Task data Start Marker

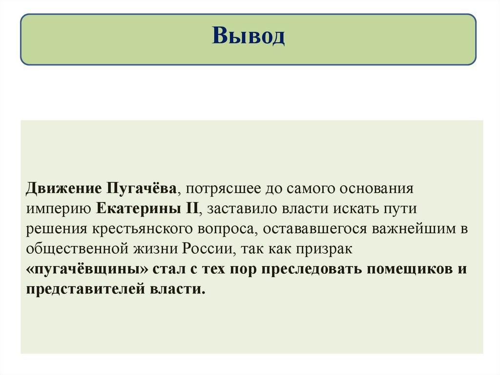 ВыводДвижение Пугачёва, потрясшее до самого основания
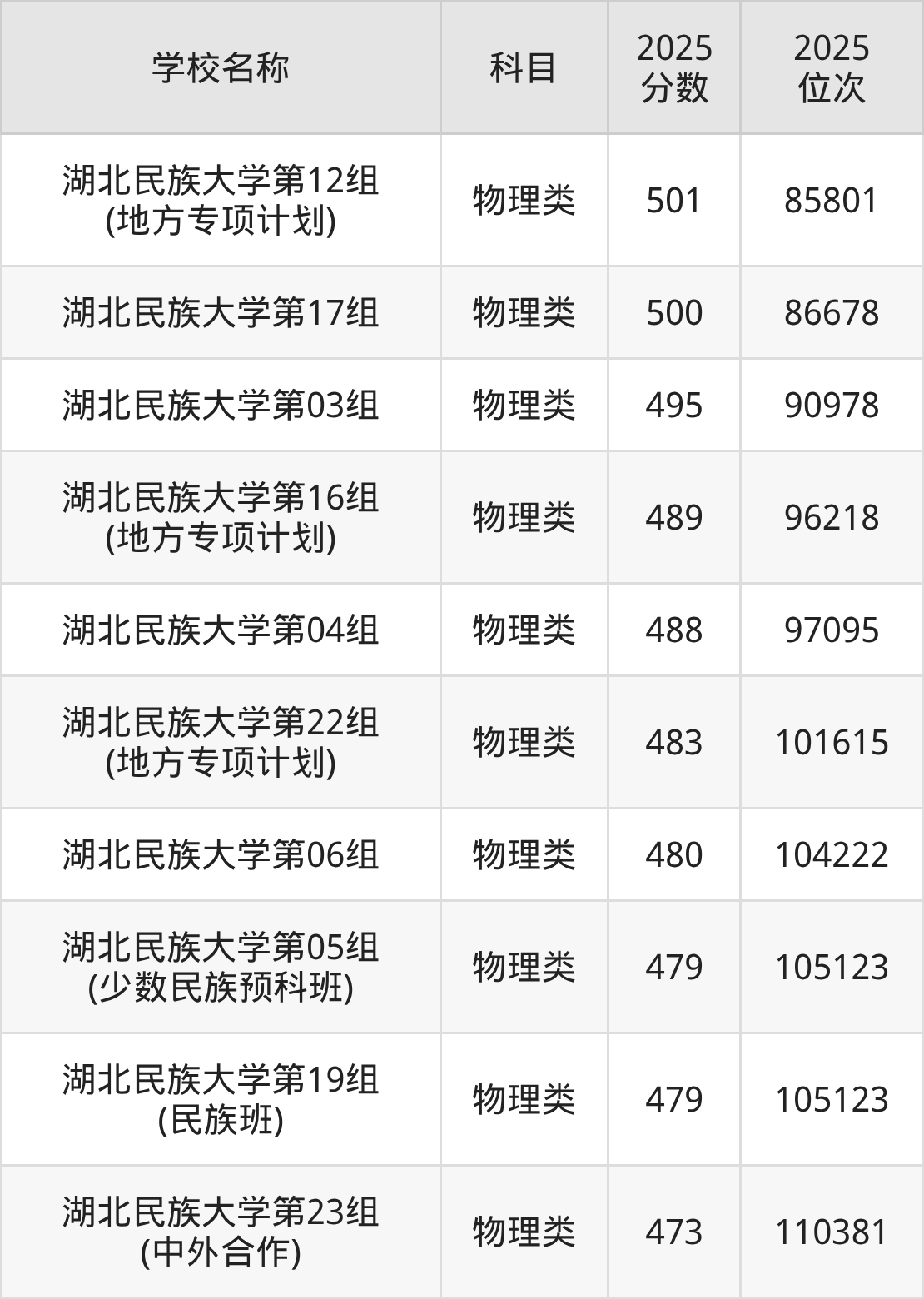根据2025年恩施土家族苗族自治州一本大学在湖北省物理类招生录取分数线来看,恩施土家族苗族自治州物理类收分最低的一本大学为湖北民族大学,录取分数线为473分。
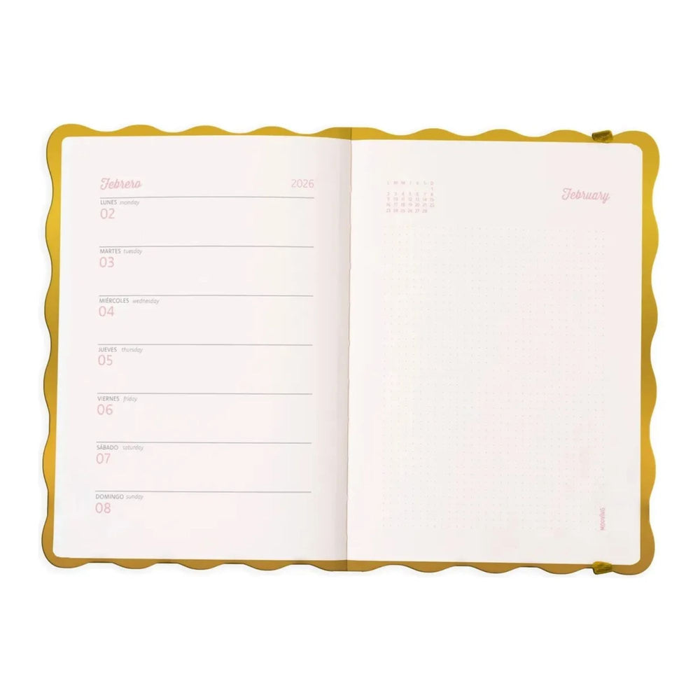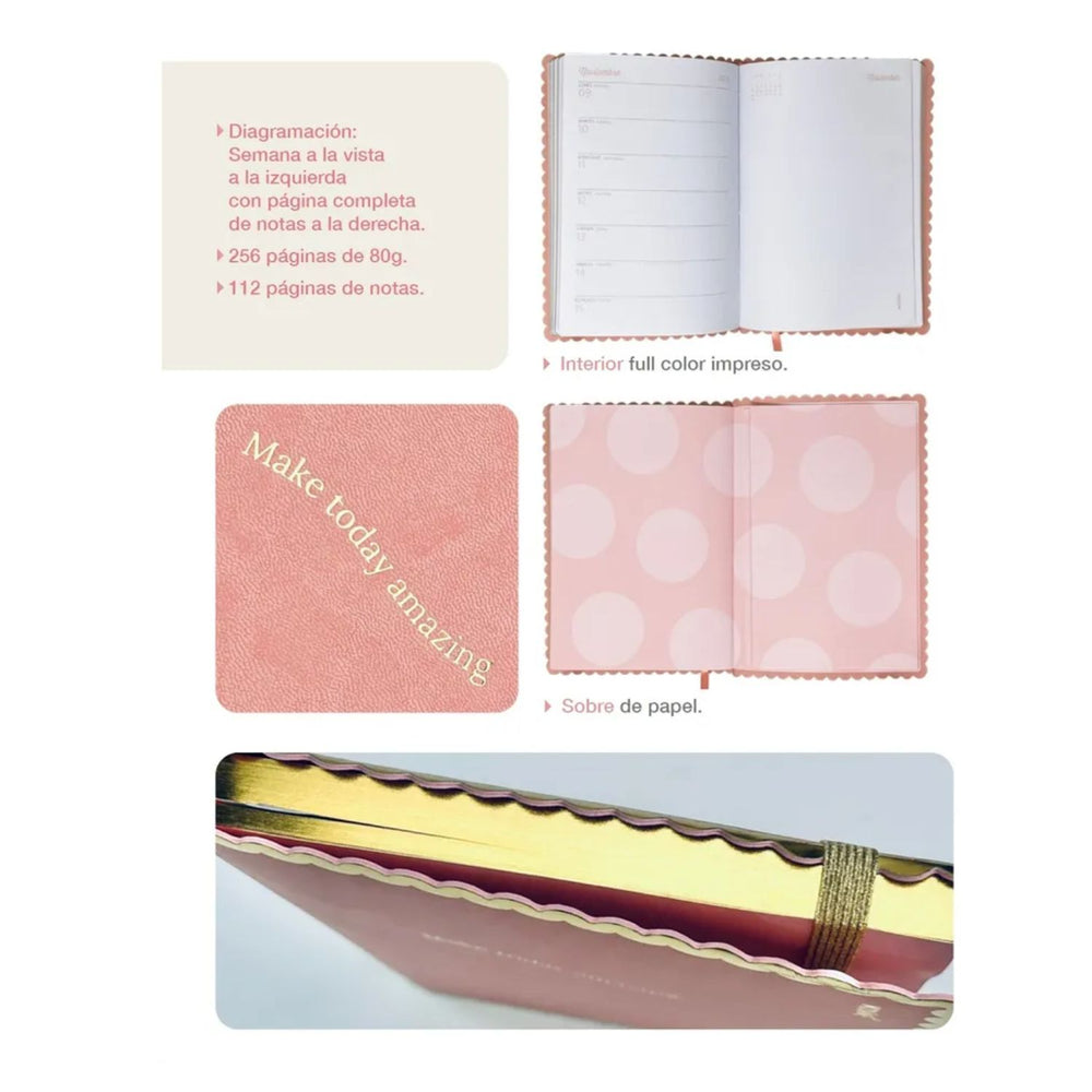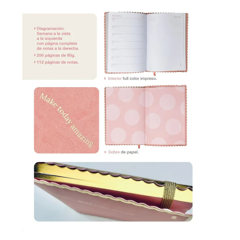 Con su práctico formato semanal 📅, tendrás la semana a la vista a la página izquierda y, a la derecha, una hoja punteada completa para planificar, tomar notas, anotar ideas, recordatorios o incluso hacer dibujos 🎨. Es ideal para estudiantes 📚, profesionales 💼 o como un regalo especial 🎁 para quienes disfrutan de la organización con un bello estilo 🌸. ¡Con la Agenda Mooving Glow 2026, cada día comienza con inspiración y brillo! ✨🌈🌟
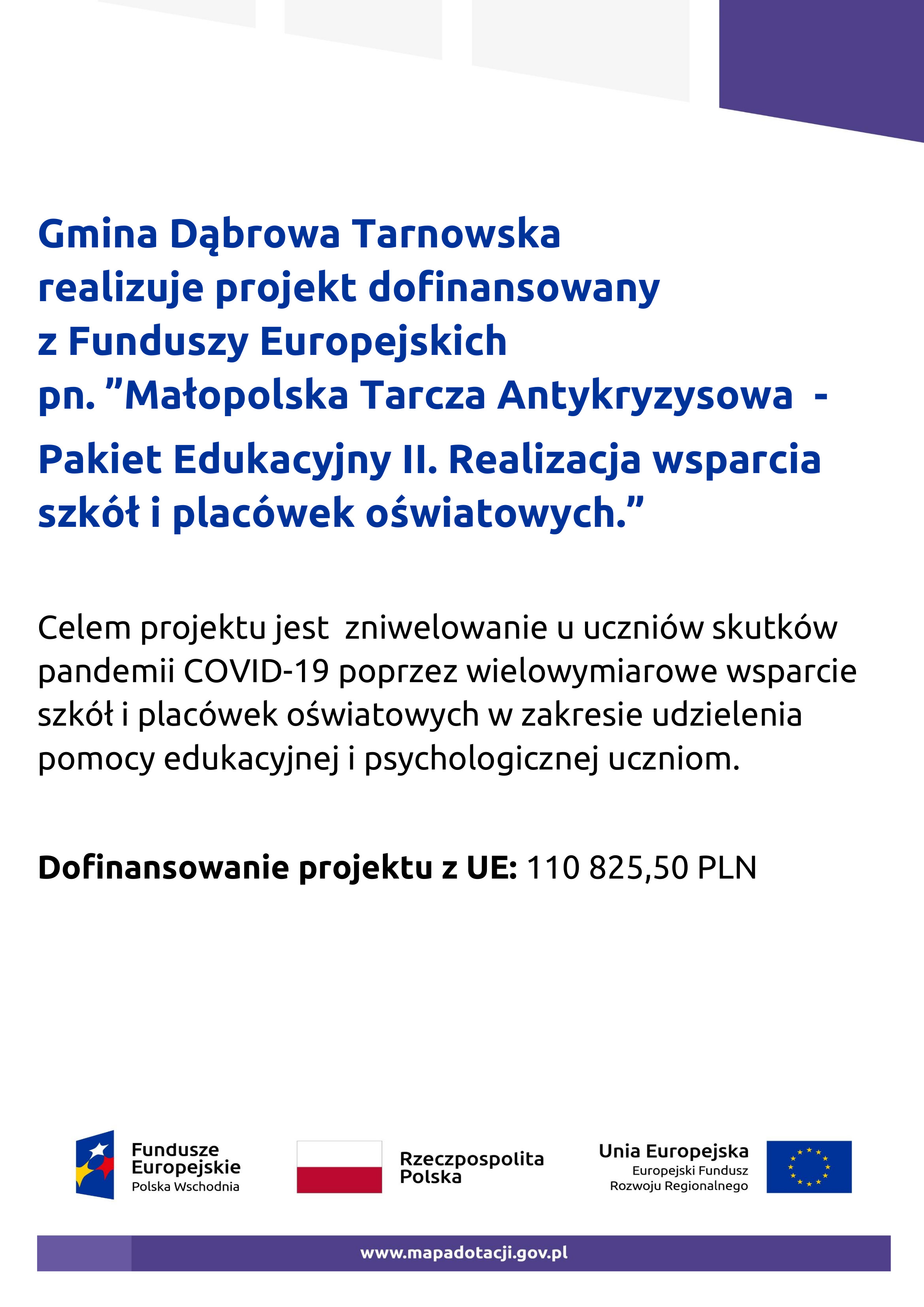 Gmina Dąbrowa Tarnowska otrzymała dofinansowanie na realizację Grantu 3 w ramach „Małopolskiej Tarczy Antykryzysowej – Pakiet Edukacyjny II. Realizacja wsparcia szkół i placówek oświatowych” 10 Oś Priorytetowa Wiedza i kompetencje Działanie 10.1 Rozwój Kształcenia Ogólnego Poddziałanie 10.1.6 Cyfryzacja szkół prowadzących kształcenie ogólne RPO WM na lata 2014-2020 na zajęcia indywidualne i grupowe z młodzieżą borykającą się z problemami w związku ze skutkami pandemii COVID -19. Czytaj dalej gru16
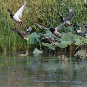 10月20日,鳥(niǎo)兒在十八聯(lián)圩濕地上空飛舞。

Task data End Marker

» Exercise: Reproduce word for word only the lines between the line containing "Gmina Dąbrowa Tarnowska" and the end of the listing above, both included, and drop any pictures.

» Solution:
 Gmina Dąbrowa Tarnowska otrzymała dofinansowanie na realizację Grantu 3 w ramach „Małopolskiej Tarczy Antykryzysowej – Pakiet Edukacyjny II. Realizacja wsparcia szkół i placówek oświatowych” 10 Oś Priorytetowa Wiedza i kompetencje Działanie 10.1 Rozwój Kształcenia Ogólnego Poddziałanie 10.1.6 Cyfryzacja szkół prowadzących kształcenie ogólne RPO WM na lata 2014-2020 na zajęcia indywidualne i grupowe z młodzieżą borykającą się z problemami w związku ze skutkami pandemii COVID -19. Czytaj dalej gru16
 10月20日,鳥(niǎo)兒在十八聯(lián)圩濕地上空飛舞。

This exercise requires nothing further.